Three-dimensional (3D) bioprinting has emerged as a powerful platform for recapitulating the structural and functional complexity of native tissues and organs. Significant progress has been achieved in the development of biomaterial-based, cell-laden bioinks and the fabrication of constructs with controlled geometries and spatial organization. These advances have enabled the production of tissue models that exhibit promising short-term biocompatibility, maintaining cell viability for several days following printing.

Despite these achievements, a critical limitation persists in the restricted cellular proliferation within the interior of printed constructs, while cells located on the external surfaces exhibit comparatively robust growth. This disparity is primarily attributed to the unfavorable microenvironment within the matrix, characterized by limited oxygen and nutrient diffusion, mechanical confinement that restricts cellular migration, and insufficient cell–cell communication. Collectively, these factors hinder the formation of an interconnected cellular network essential for functional tissue development.

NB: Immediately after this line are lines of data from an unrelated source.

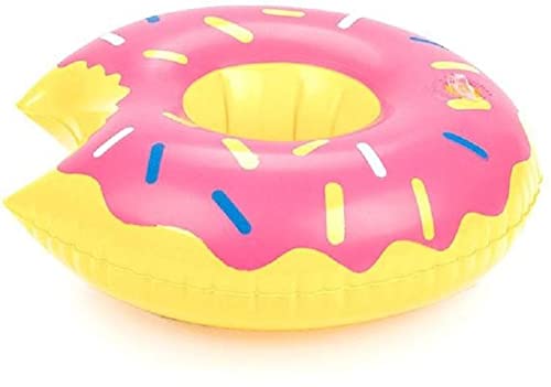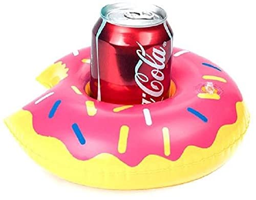 generic - حامل أكواب شرب يطفو علي سطح الماء قابل للنفخ بتصميم دونات للشاطئ باللون الوردي، طقم من 9 قطع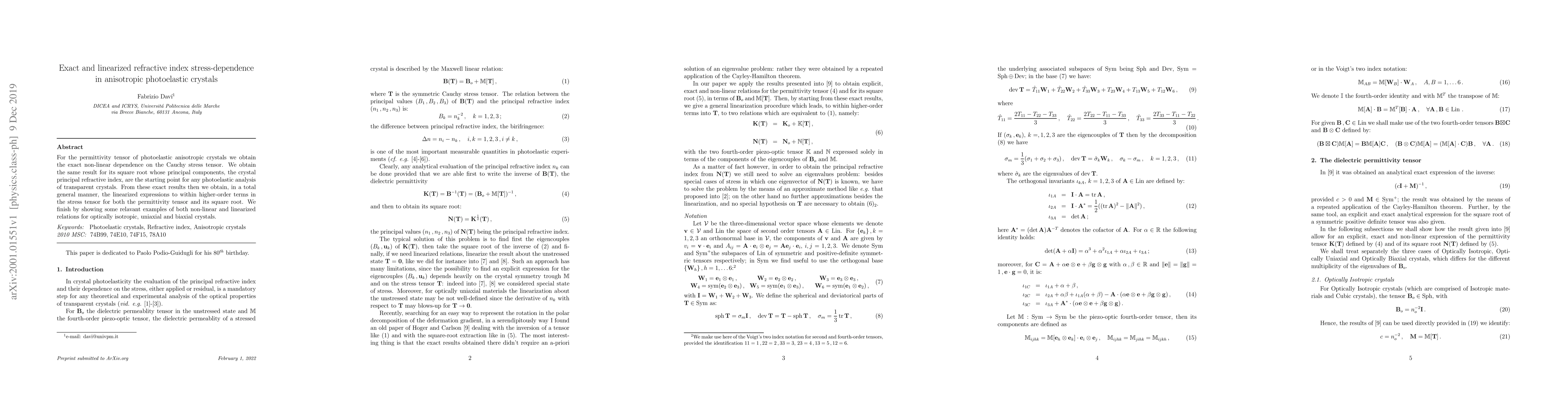 For the permittivity tensor of photoelastic anisotropic crystals we obtain the exact non-linear dependence on the Cauchy stress tensor. We obtain the same result for its square root whose principal components, the crystal principal refractive index, are the starting point for any photoelastic analysis of transparent crystals. From these exact results then we obtain, in a total general manner, the linearized expressions to within higher-order terms in the stress tensor for both the permittivity tensor and its square root. We finish by showing some relavant examples of both non-linear and linearized relations for optically isotropic, uniaxial and biaxial crystals.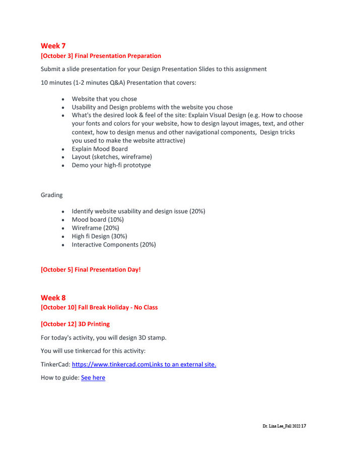 In my courses, I guide students through active learning exercises that develop their critical thinking and problem-solving skills. Through design critiques, students refine their ability to analyze and improve their work while learning to use Human-Computer Interaction (HCI) techniques, including heuristic evaluations, needfinding analysis, prototyping, personas, and storyboards.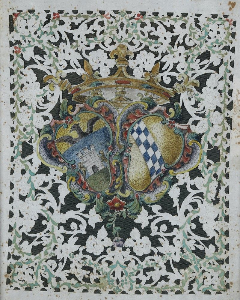 Doppio stemma nobiliare policromo. XIX-XX secolo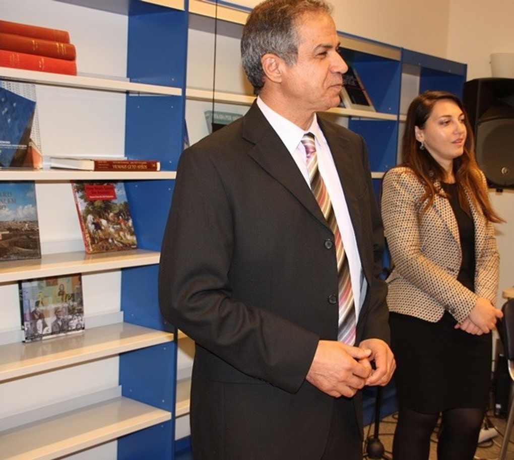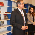Kupiškio žydų palikuonys uždega žvakutes prie savo sušaudytų protėvių atminimo lentos Kupiškio viešojoje bibliotekoje. Pirmas iš kairės – Normanas Mejeris, dešinėje – Harvis Šerzeras. KUPIŠKIO ETNOGRAFIJOS MUZIEJAUS ARCHYVO nuotr.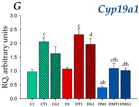 The influence of a single treatment with hCG and TP3 on the expression of testicular genes encoding cholesterol-transporting protein StAR, steroidogenic enzymes and LH/hCG-R in the control and diabetic rats, and the effect of five-week metformin treatment. The duration of MF treatment (120 mg/kg/day) was five weeks. The samples for the assessment of gene expression in the testes were taken 5 h after the injection of LH/hCG-R-agonists. The expression of the following genes is shown in the Figure: Star, encoding cholesterol-transporting protein StAR (A); Cyp11a1 (B), Hsd3b (C), Cyp17a1 (D) and Hsd17b (E), encoding four steroidogenic enzymes cytochrome P450scc, 3β-hydroxysteroid dehydrogenase, cytochrome P450 17A1/steroid 17α-monooxigenase and 17β-hydroxysteroid dehydrogenase that catalyze the synthesis of pregnenolone, progesterone, 17-hydroxyprogesterone, androstenedione and testosterone; LhR, encoding LH/hCG receptor (F); and Cyp19a1 (G), encoding aromatase that catalyzes the synthesis of estradiol. a—the difference between the C1 vs. D1 or DM1, b—the difference between the D1 vs. DM1; c—the difference between the C1 vs. CT1, D1 vs. DT1 and DM1 vs. DMT1; d—the difference between the C1 vs. CG1, D1 vs. DG1 and DM1 vs. DMG1; e—the difference between the CT1 vs. CG1, DT1 vs. DG1 and DMT1 vs. DMG1; f—the difference between the CT1 vs. DT1 or DMT1; g—the difference between the CG1 vs. DG1 or DMG1; and h—the difference between the DT1 vs. DMT1 and DG1 vs. DMG1 are significant at p < 0.05. The data are presented as the M ± SEM, n = 5.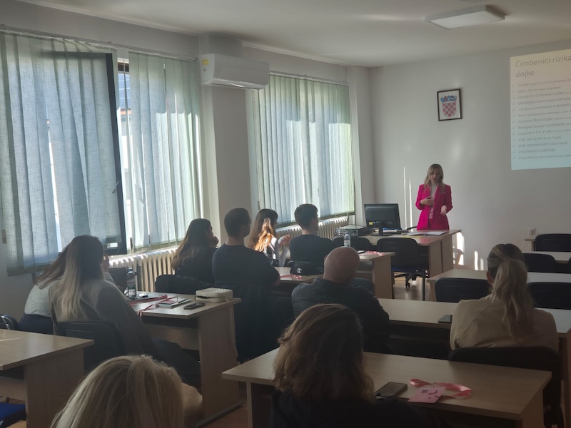 Nakon 1. međunarodnog simpozija “ Znanjem do zdravlja “ kojeg smo obilježili 17.lipnja 2025.godine vođeni od prof.dr.sc. Edita Borić  te dekana fakulteta dentalne medicine i zdravstva Osijek prof.dr.sc Aleksandar Včev  nastavljamo s porukom brige o zdravlju i razvijanju svijesti o važnosti samopregleda dojke. Predavačica, Martina Govorko, univ.mag.med.techn. je  održala predavanje o karcinomu dojke, važnosti prevencije i ranoj dijagnostici.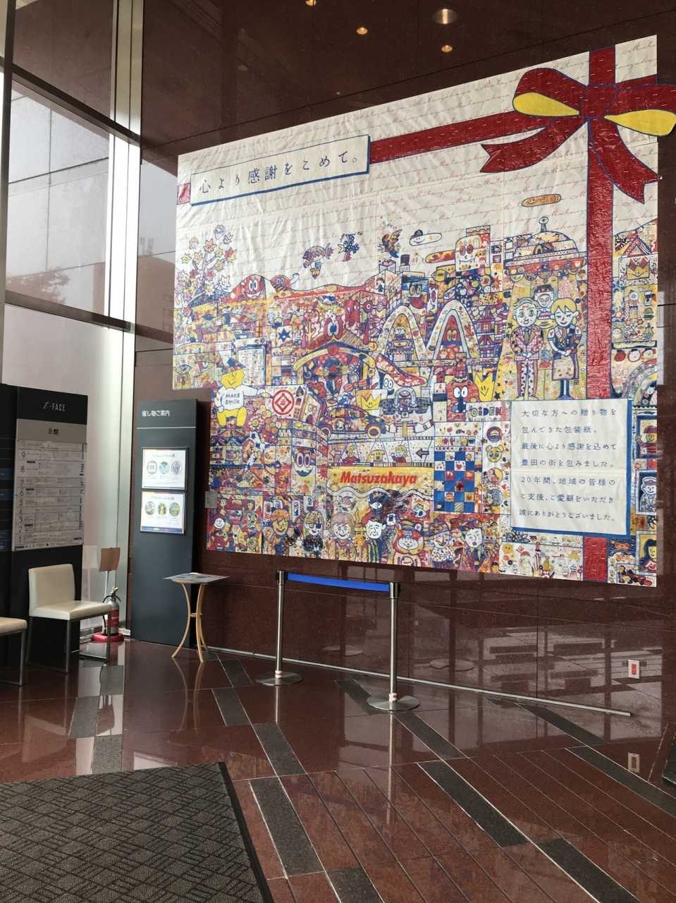 愛知県三河地方唯一になってしまった百貨店ではあるが、東京や大阪の郊外百貨店に比べると店内の客は少なめ(コロナ禍の影響もあるが)。そのせいなのか、2021年9月に閉店。閉店を記念して近隣の子供達が描いた壁画が貼ってあった。

This Special Issue focuses on recent advancements aimed at engineering improved microenvironments within 3D bioprinted constructs. Particular emphasis is placed on multifaceted strategies such as the incorporation of bioactive, cell-adhesive motifs, and the precise modulation of key physicochemical properties, including viscoelasticity, porosity, and matrix stiffness. These approaches are designed to enhance mass transport, facilitate cell-mediated matrix remodeling, and promote dynamic cellular interactions. Collectively, such innovations are expected to overcome current limitations and accelerate the development of functional tissue constructs, thereby advancing the translational potential of 3D bioprinting in regenerative medicine.